Fermat never gave a proof, only announced he had one (sounds familiar?). Euler did give a proof, which was flawed, see Franz Lemmermeyer's lecture notes, or see page 4 of David Cox's introduction.

For a discussion why a proof along the lines set out by Fermat is unlikely to work, see this MO posting.

---- trivia ----

As a curiosity, I looked up Fermat's original text (reproduced below from his collected works), written in the margin of the Arithmetica of Diophantus:

Can one find in whole numbers a square different from 25 that, when increased by 2, becomes a cube? This would seem at first to be difficult to discuss; and yet, I can proof by a rigorous demonstration that 25 is the only integer square that is less than a cube by two units.
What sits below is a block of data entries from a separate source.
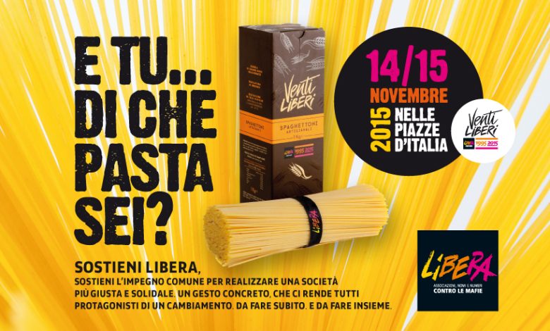 “E tu… di che pasta sei?”. Anche in Puglia, nel week-end del 14 e 15 novembre, i presidi aderiscono alla campagna promossa da Libera per celebrare il suo ventennale. Un pacco di pasta che racconta una lunga storia di impegno sociale per combattere le mafie e le tante forme di corruzione. Gli spaghettoni “Venti Liberi”, sono prodotti in esclusiva e in edizione limitata, proprio per il ventennale di Libera, grazie alla collaborazione con uno dei pastifici artigianali, eccellenza del nostro Paese, e prodotti con il grano coltivato nei terreni confiscati alle mafie e gestiti dalle cooperative di Libera Terra e dai produttori che ne condividono il progetto di riscatto da ogni forma d’illegalità. Si tratta di una pasta “libera” dal malaffare, innanzitutto. Una pasta fatta da chi vuol dare un contributo al bene comune e lavora per restituire la terra e i suoi frutti alla collettività, nel rispetto dell’ambiente e della salute dei cittadini. Una pasta che ha il sapore di libertà, resistente alle mafie e alla corruzione.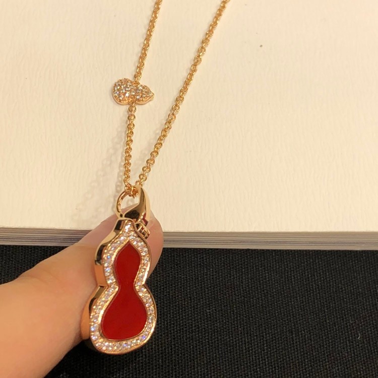 Qeelin Diamond and red obsidian double gourd necklace-3884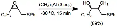 The thia-Payne rearrangement has only been observed in the forward direction (epoxide to thiiranium) with in situ opening of the thiiranium. Invertive nucleophilic opening at C-2 is possible through the use of trialkylaluminum reagents.[15]

For rationals, the method of Bachet would provide an infinity of such squares, but the theory of integer numbers, which is very beautiful and subtle, was not known previously, neither by Bachet, nor by any author whose work I have read.
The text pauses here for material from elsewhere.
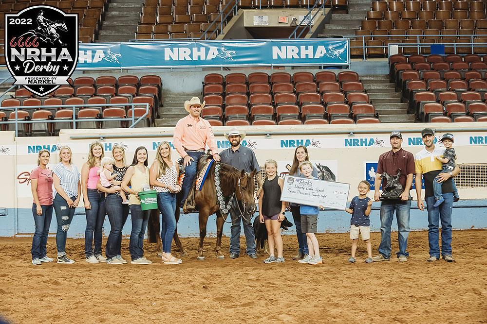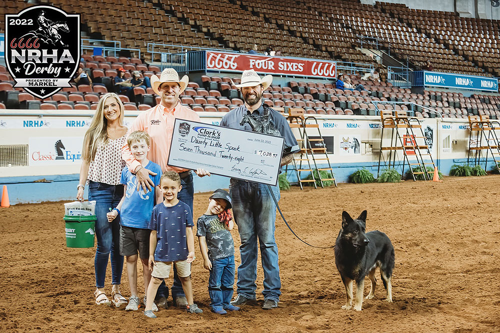 Dainty Little Spook and Brandon Brant were the big winners of the Clark’s Pump-N-Shop Novice Horse Open Derby Wednesday, June 22, as the 6666 NRHA Derby presented by Markel marches through its final week.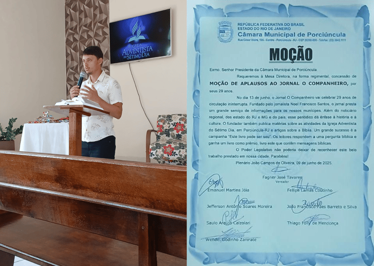 De autoria do vereador Fagner Tavares (MDB), a Câmara Municipal de Porciúncula, no Noroeste do RJ, conferiu uma "Moção de Aplausos" a O COMPANHEIRO pelos 29 anos de circulação ininterrupta. Fundado em 13 de junho de 1996 pelo jornalista, artista plástico e bacharel em Direito, Noel Francisco, o jornal consolidou-se como um dos mais destacados da imprensa Fluminense e da Zona da Mata de MG.

Fermat did not prove this result; he claimed that the only solution is the obvious one and conjectured (in words that seem to suggest he knew how to prove it, but without explicitly saying so) that this can be proved by descent. I am sure that Fermat, if he really believed to have a proof (in my opinion he did not), was mistaken.

I am not aware of any proofs based on Fermat's techniques alone, and I have often tried to find one myself - so far without success.


A completely elementary proof can be found on page 561 of the Nov 2012 edition of The Mathematical Gazette, where a descent mechanism first used by Stan Dolan in the March 2012 edition is adapted (as per his challenge to the “interested reader”) to solve both of Fermat’s “elliptic curve” theorems. The method uses math which was clearly available in Fermat’s time, and in particular to Fermat himself.

I personally believe this finally puts to rest any questions of whether Fermat could have had a proof of these two claims.